Alibaba unveils new AI models capable of controlling PCs, smartphones
What's the story
Alibaba's Qwen team has launched a new series of artificial intelligence (AI) models, called Qwen2.5-VL.
The advanced models can handle a range of text and image analysis tasks, from parsing files and understanding videos to counting objects in images and even controlling a PC or smartphone.
The capabilities of Qwen2.5-VL are on par with those of OpenAI's recently launched Operator model.
Benchmark success
Outperforming rival AI models in benchmark tests
According to the internal benchmarking tests conducted by the Qwen team, the Qwen2.5-VL outperforms multiple competitors across different evaluations.
These include video understanding, math problems, document analysis, and question-answering tasks.
The models Qwen2.5-VL outperformed include OpenAI's GPT-4o, Anthropic's Claude 3.5 Sonnet, and Google's Gemini 2.0 Flash.
Model features
Diverse capabilities and availability
Not only can the Qwen2.5-VL analyze charts and graphics, but it can also extract data from scanned invoices/forms, comprehend long videos, and recognize intellectual properties from film/TV series and other products.
These capabilities indicate that the training data may have included copyrighted works.

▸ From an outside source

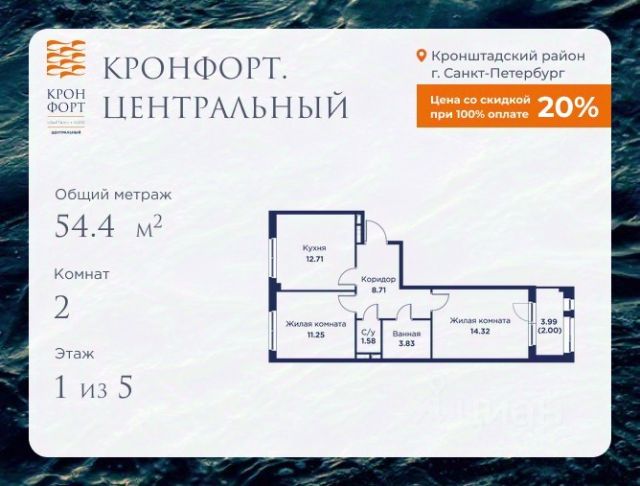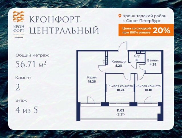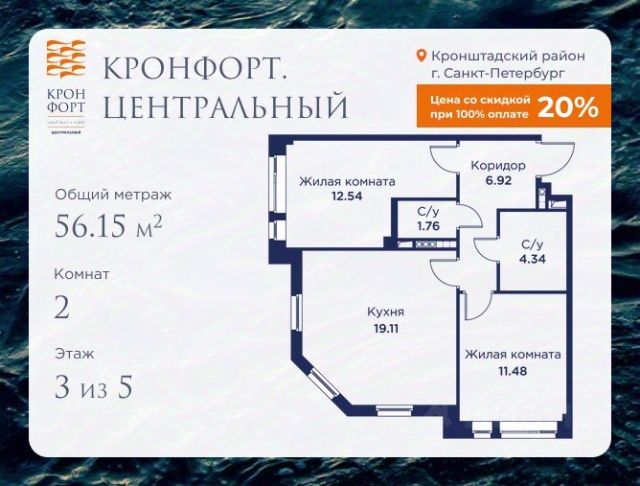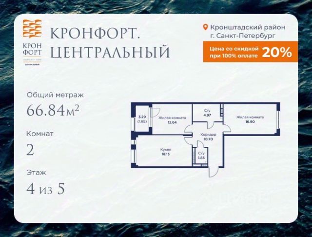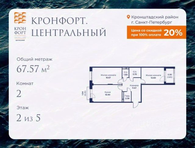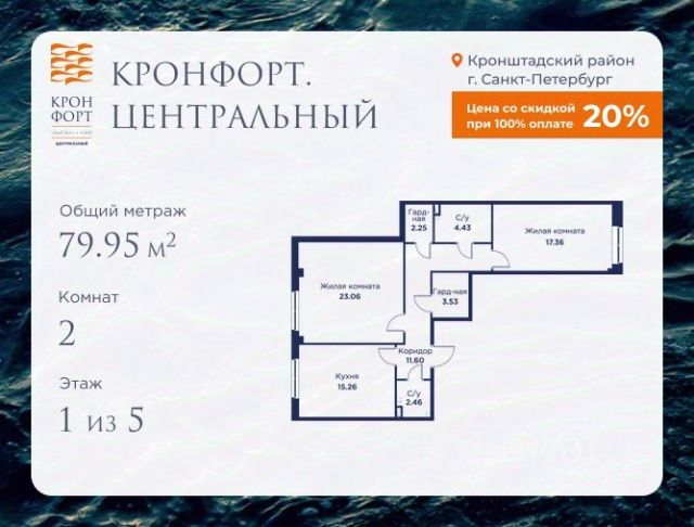 Стоимость квартиры указана со скидкой 20%. Скидка предоставляется при 100% оплате или несубсидированной ипотеке. Предлагается квартира площадью 46.76 кв.м в жилом комплексе "Кронфорт. Центральный" в Санкт-Петербурге (Кронштадт). Возможна покупка с использованием льготных и специальных ипотечных программ с государственной поддержкой. Высота потолков в квартирах — от 3 до 3,4 метров, окна увеличенного размера, есть варианты с эркерами, французскими балконами, лоджиями и террасами. Жилой квартал состоит из пяти четырехэтажных корпусов с закрытыми охраняемыми дворами, свободными от машин. Первые этажи формируют торговые променады в стиле пешеходных улиц исторической части Петербурга и Кронштадта. Внутренние пространства между корпусами — пешеходные зоны с уютными площадями. Архитектурный облик квартала разработан бюро "Проектная культура" и международной компанией Chapman Taylor. Инфраструктура комплекса включает: - Лицей с двумя бассейнами - Детский сад на 150 мест с бассейном и закрытой территорией - Веревочный парк - Игровые площадки для активного отдыха; - Кабинет врача общей практики. - Подземные паркинги с лифтами. - Мусоросборные камеры, индивидуальные кладовые. - Закрытые дворы с контролем доступа и видеонаблюдением. - Мультформатный стрит-ретейл с кафе и ресторанами. - Триатлон-центр и беговые/велодорожки. - Учебно-тренировочный комплекс для детей "Лагерь настоящих героев". Транспортная доступность обеспечивает удобный выезд на КАД (около 1-3 км), 2 минуты пешком до автобусной остановки "Лицей", 25 минут до Сестрорецка, 30 минут до "Лахта-центра", 50 минут до аэропорта "Пулково" и 60 минут до Московского вокзала. Для любителей моря доступен маршрут на "Метеоре" до центра Санкт-Петербурга. Отделка квартир предлагается как с готовой чистовой отделкой, так и со свободной планировкой без отделки для реализации индивидуальных дизайнерских решений. В третьем корпусе, продажи которого стартовали в марте 2025 года, доступны квартиры с просторными террасами, тремя балконами, кухнями-гостиными до 38 кв.м с окнами на две стороны, обеспечивающими панорамное освещение и виды. Если вам нужна помощь с оформлением ипотеки или дополнительная информация по комплексу и условиям покупки, обращайтесь в отдел продаж за консультацией. 2-комнатная квартира в новостройке в Кронштадте.

The models are available for testing in Alibaba's Qwen Chat app and developers can download them from AI development platform Hugging Face.
Regulatory compliance
It adheres to Chinese internet regulations
Being an AI developed by a Chinese firm, Qwen2.5-VL also follows some restrictions on what topics it will discuss, especially in the Qwen Chat app.
For example, when asked to talk about "Xi Jinping's mistakes," the app showed an error message.
This follows China's internet regulator's practice of benchmarking domestically developed models to ensure their responses follow core socialist values and avoid sensitive topics that could upset regulators.
Software interaction
Qwen2.5-VL can interact with software on various devices
One of the coolest things about Qwen2.5-VL is the ability to interact with software on PC and mobile.
In a clip shared by Philipp Schmid, a technical lead at Hugging Face, the AI model was seen launching the Booking.com app for Android and booking a flight from Chongqing to Beijing.
In another demo where it controlled apps on a Linux desktop, it was limited to tab switching.
Licensing details
Licensing terms for Qwen2.5-VL models
While the two less sophisticated models in Qwen2.5-VL series, Qwen2.5-VL-3B and Qwen2.5-VL-7B, are available under a permissive license, the most advanced model, Qwen2.5-VL-72B, is subject to Alibaba's custom license.
This mandates companies and developers with over 100 million monthly active users to seek permission from Alibaba before commercially deploying the model, ensuring controlled usage of this AI technology in larger-scale applications.